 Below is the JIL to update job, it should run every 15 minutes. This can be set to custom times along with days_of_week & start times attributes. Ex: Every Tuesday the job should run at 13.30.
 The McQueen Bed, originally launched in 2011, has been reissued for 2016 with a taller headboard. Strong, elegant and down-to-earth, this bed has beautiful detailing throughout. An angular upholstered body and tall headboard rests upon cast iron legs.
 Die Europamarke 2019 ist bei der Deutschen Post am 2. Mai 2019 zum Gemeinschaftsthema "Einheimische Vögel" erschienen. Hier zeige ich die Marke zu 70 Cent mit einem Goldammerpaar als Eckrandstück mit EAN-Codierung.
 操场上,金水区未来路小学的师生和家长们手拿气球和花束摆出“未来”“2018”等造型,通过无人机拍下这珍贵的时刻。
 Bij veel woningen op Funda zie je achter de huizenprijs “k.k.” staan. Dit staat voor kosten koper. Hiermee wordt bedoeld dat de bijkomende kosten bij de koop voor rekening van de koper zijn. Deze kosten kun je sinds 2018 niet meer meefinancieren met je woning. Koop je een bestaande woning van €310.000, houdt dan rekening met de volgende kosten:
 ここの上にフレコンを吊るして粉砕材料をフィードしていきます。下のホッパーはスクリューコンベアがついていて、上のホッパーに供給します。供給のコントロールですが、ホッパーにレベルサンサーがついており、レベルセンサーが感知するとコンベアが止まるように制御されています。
==
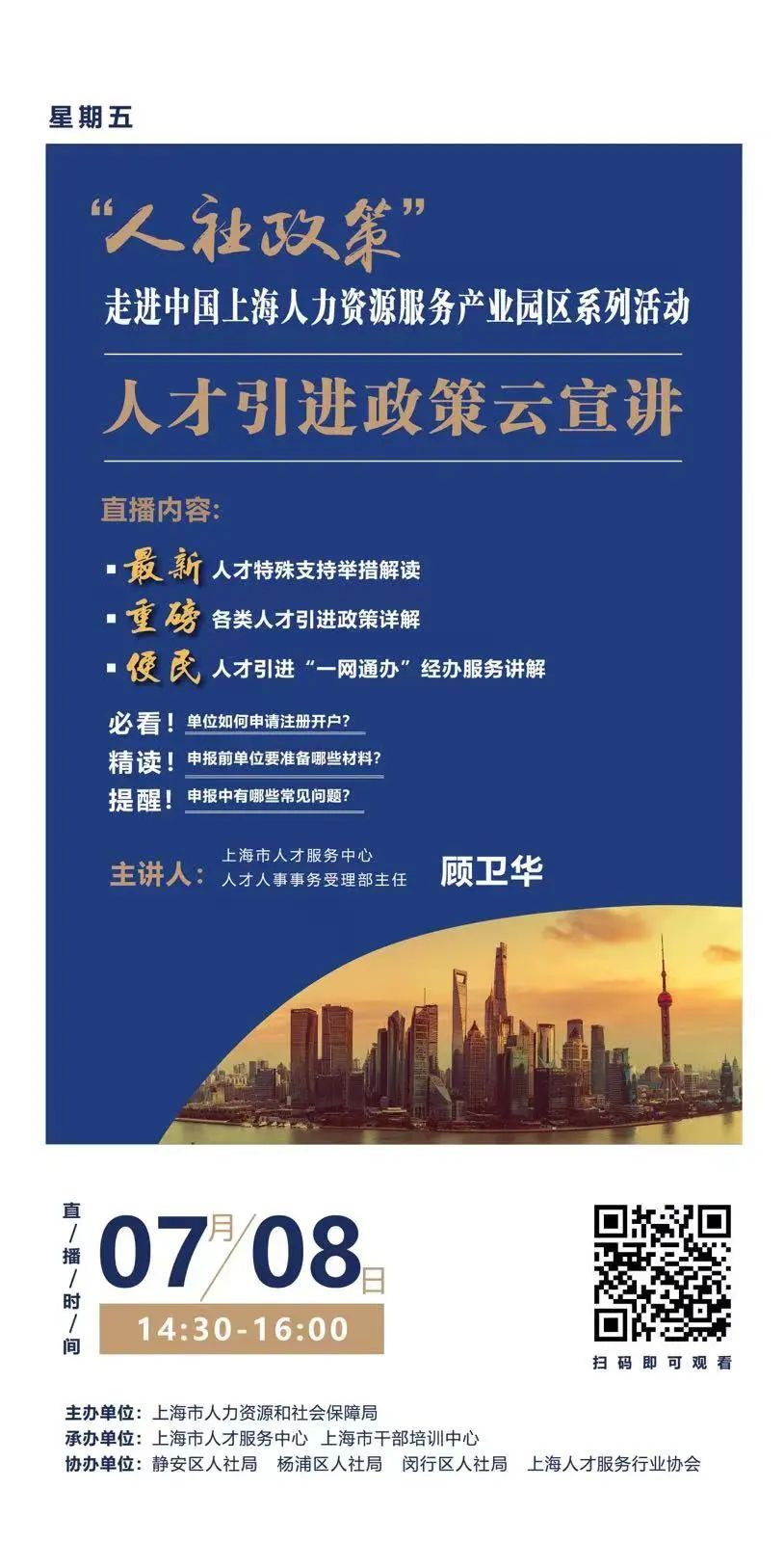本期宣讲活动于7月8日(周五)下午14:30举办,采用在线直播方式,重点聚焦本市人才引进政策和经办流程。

* **PROBLEM DESCRIPTION**
Would you print, exactly as written, every line above from the one holding "The McQueen Bed, originally" through the one holding "ここの上にフレコンを吊るして", with both included and no other lines?

* **ANSWER BOX**
 The McQueen Bed, originally launched in 2011, has been reissued for 2016 with a taller headboard. Strong, elegant and down-to-earth, this bed has beautiful detailing throughout. An angular upholstered body and tall headboard rests upon cast iron legs.
 Die Europamarke 2019 ist bei der Deutschen Post am 2. Mai 2019 zum Gemeinschaftsthema "Einheimische Vögel" erschienen. Hier zeige ich die Marke zu 70 Cent mit einem Goldammerpaar als Eckrandstück mit EAN-Codierung.
 操场上,金水区未来路小学的师生和家长们手拿气球和花束摆出“未来”“2018”等造型,通过无人机拍下这珍贵的时刻。
 Bij veel woningen op Funda zie je achter de huizenprijs “k.k.” staan. Dit staat voor kosten koper. Hiermee wordt bedoeld dat de bijkomende kosten bij de koop voor rekening van de koper zijn. Deze kosten kun je sinds 2018 niet meer meefinancieren met je woning. Koop je een bestaande woning van €310.000, houdt dan rekening met de volgende kosten:
 ここの上にフレコンを吊るして粉砕材料をフィードしていきます。下のホッパーはスクリューコンベアがついていて、上のホッパーに供給します。供給のコントロールですが、ホッパーにレベルサンサーがついており、レベルセンサーが感知するとコンベアが止まるように制御されています。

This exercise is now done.